> _What the task requires_
Below are some records. Write out exactly their lines from the one with "The Waterproof Rain" through the one with "潘高壽傳統中藥文化,作為國家", and leave the pictures behind.

------------------------------------

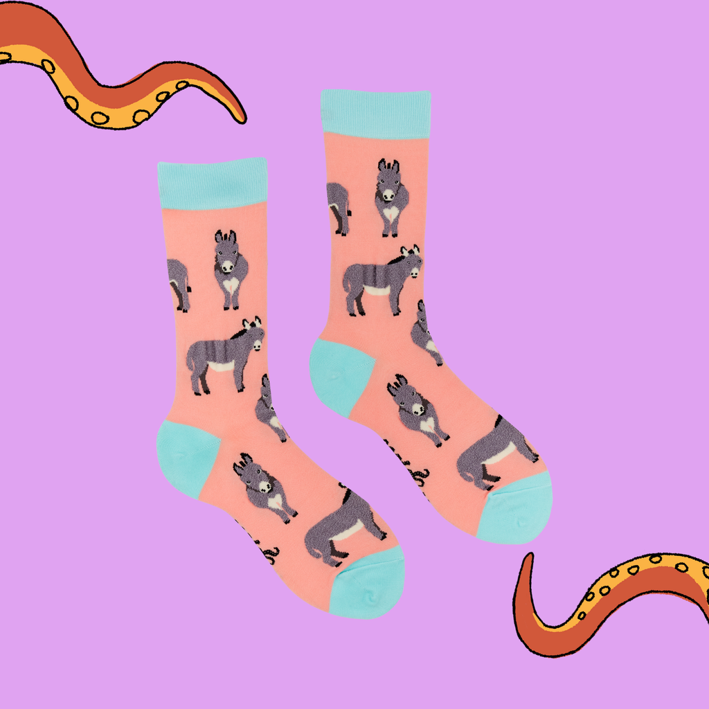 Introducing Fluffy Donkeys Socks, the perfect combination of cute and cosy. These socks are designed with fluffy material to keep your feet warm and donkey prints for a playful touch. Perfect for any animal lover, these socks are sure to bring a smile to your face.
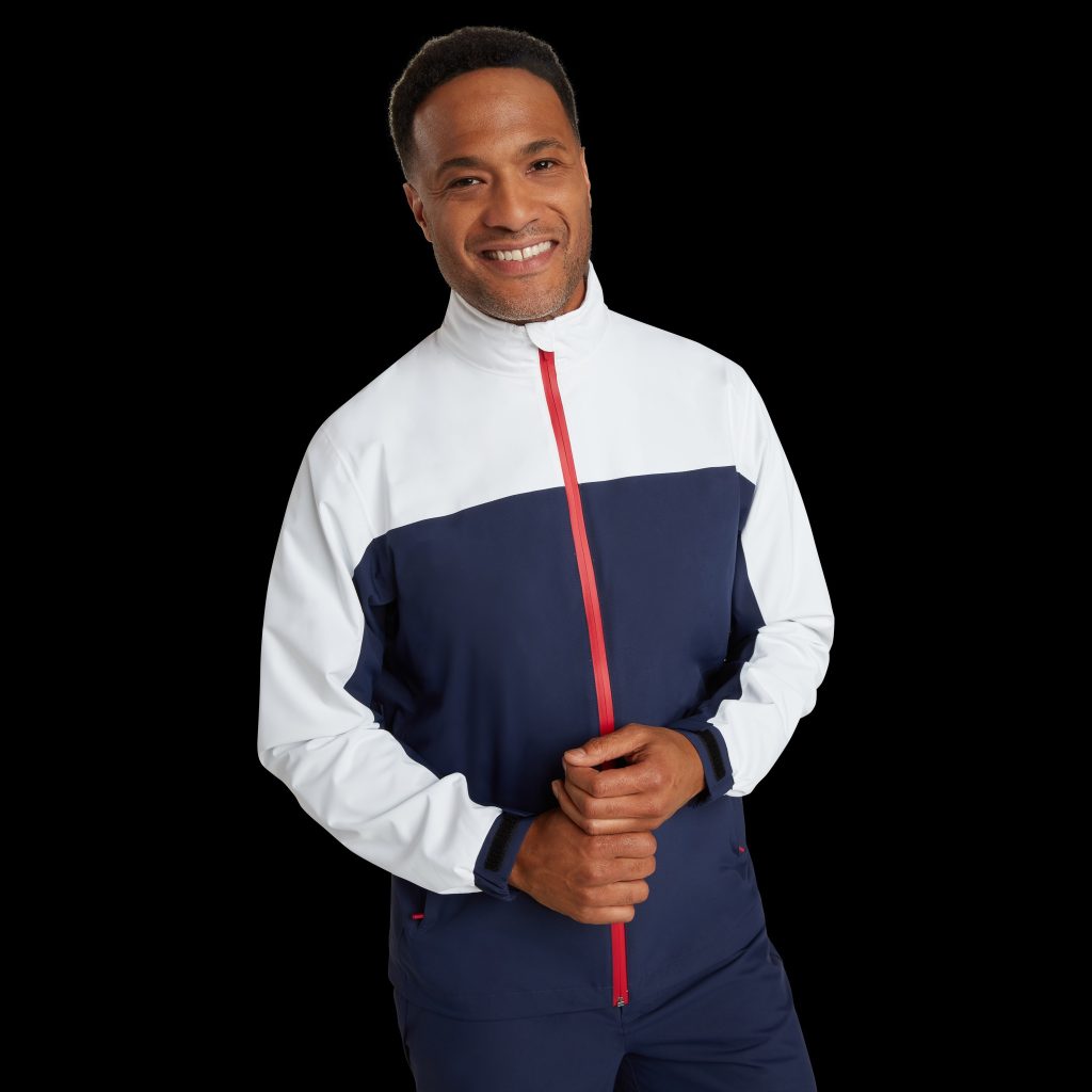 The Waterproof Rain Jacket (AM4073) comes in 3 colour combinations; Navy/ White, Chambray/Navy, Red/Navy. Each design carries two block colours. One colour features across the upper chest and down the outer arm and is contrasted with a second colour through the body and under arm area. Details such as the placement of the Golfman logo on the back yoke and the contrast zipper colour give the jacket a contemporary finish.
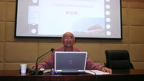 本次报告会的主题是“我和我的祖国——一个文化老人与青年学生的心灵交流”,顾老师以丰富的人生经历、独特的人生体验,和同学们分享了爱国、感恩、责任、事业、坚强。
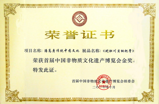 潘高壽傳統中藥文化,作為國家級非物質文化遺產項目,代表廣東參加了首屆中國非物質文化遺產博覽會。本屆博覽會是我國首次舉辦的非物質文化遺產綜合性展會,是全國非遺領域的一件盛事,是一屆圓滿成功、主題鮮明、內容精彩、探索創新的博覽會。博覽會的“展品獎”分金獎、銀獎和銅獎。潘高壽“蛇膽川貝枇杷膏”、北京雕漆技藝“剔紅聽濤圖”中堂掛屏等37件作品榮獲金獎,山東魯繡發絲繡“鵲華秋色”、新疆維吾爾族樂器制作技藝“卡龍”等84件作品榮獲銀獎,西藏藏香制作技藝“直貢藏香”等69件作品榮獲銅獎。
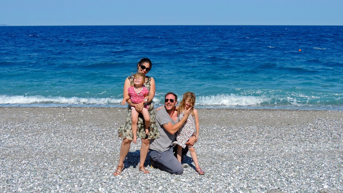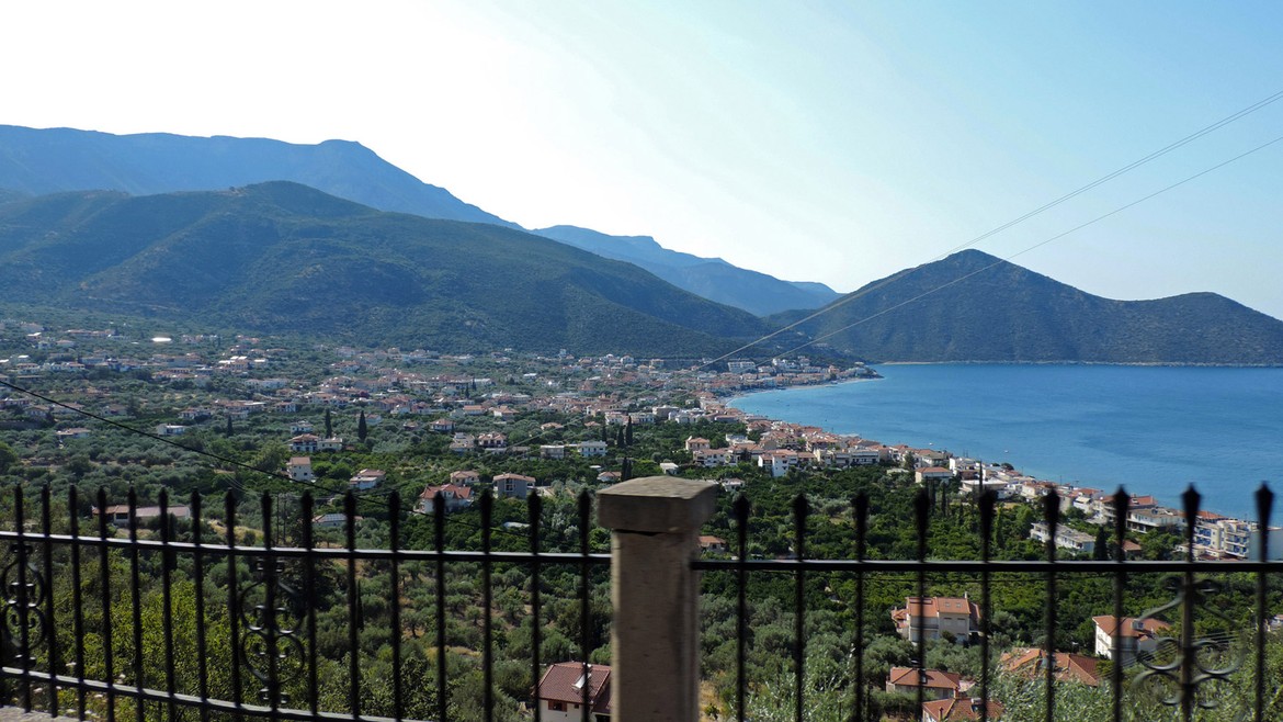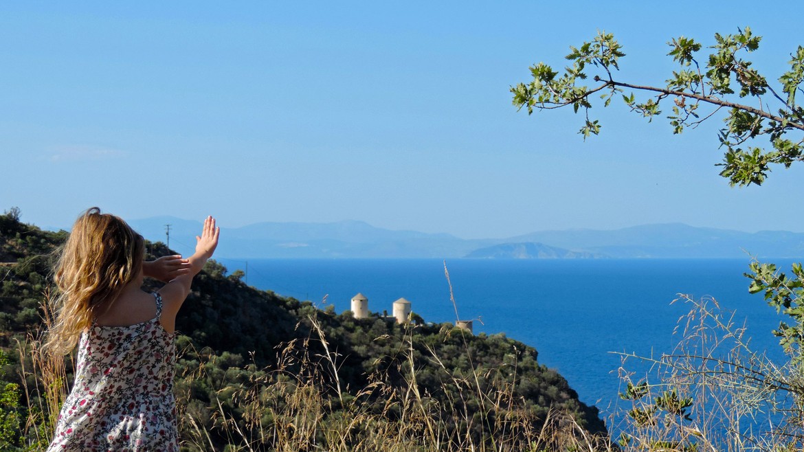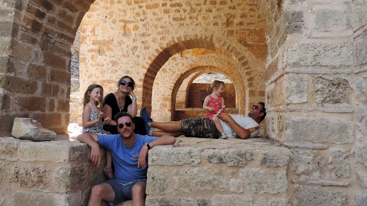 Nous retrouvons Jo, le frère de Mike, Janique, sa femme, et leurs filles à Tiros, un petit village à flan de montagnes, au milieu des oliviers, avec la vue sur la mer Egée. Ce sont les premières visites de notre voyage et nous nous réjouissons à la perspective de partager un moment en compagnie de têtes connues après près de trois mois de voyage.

------------------------------------

> _Answer for this exercise_
 The Waterproof Rain Jacket (AM4073) comes in 3 colour combinations; Navy/ White, Chambray/Navy, Red/Navy. Each design carries two block colours. One colour features across the upper chest and down the outer arm and is contrasted with a second colour through the body and under arm area. Details such as the placement of the Golfman logo on the back yoke and the contrast zipper colour give the jacket a contemporary finish.
 本次报告会的主题是“我和我的祖国——一个文化老人与青年学生的心灵交流”,顾老师以丰富的人生经历、独特的人生体验,和同学们分享了爱国、感恩、责任、事业、坚强。
 潘高壽傳統中藥文化,作為國家級非物質文化遺產項目,代表廣東參加了首屆中國非物質文化遺產博覽會。本屆博覽會是我國首次舉辦的非物質文化遺產綜合性展會,是全國非遺領域的一件盛事,是一屆圓滿成功、主題鮮明、內容精彩、探索創新的博覽會。博覽會的“展品獎”分金獎、銀獎和銅獎。潘高壽“蛇膽川貝枇杷膏”、北京雕漆技藝“剔紅聽濤圖”中堂掛屏等37件作品榮獲金獎,山東魯繡發絲繡“鵲華秋色”、新疆維吾爾族樂器制作技藝“卡龍”等84件作品榮獲銀獎,西藏藏香制作技藝“直貢藏香”等69件作品榮獲銅獎。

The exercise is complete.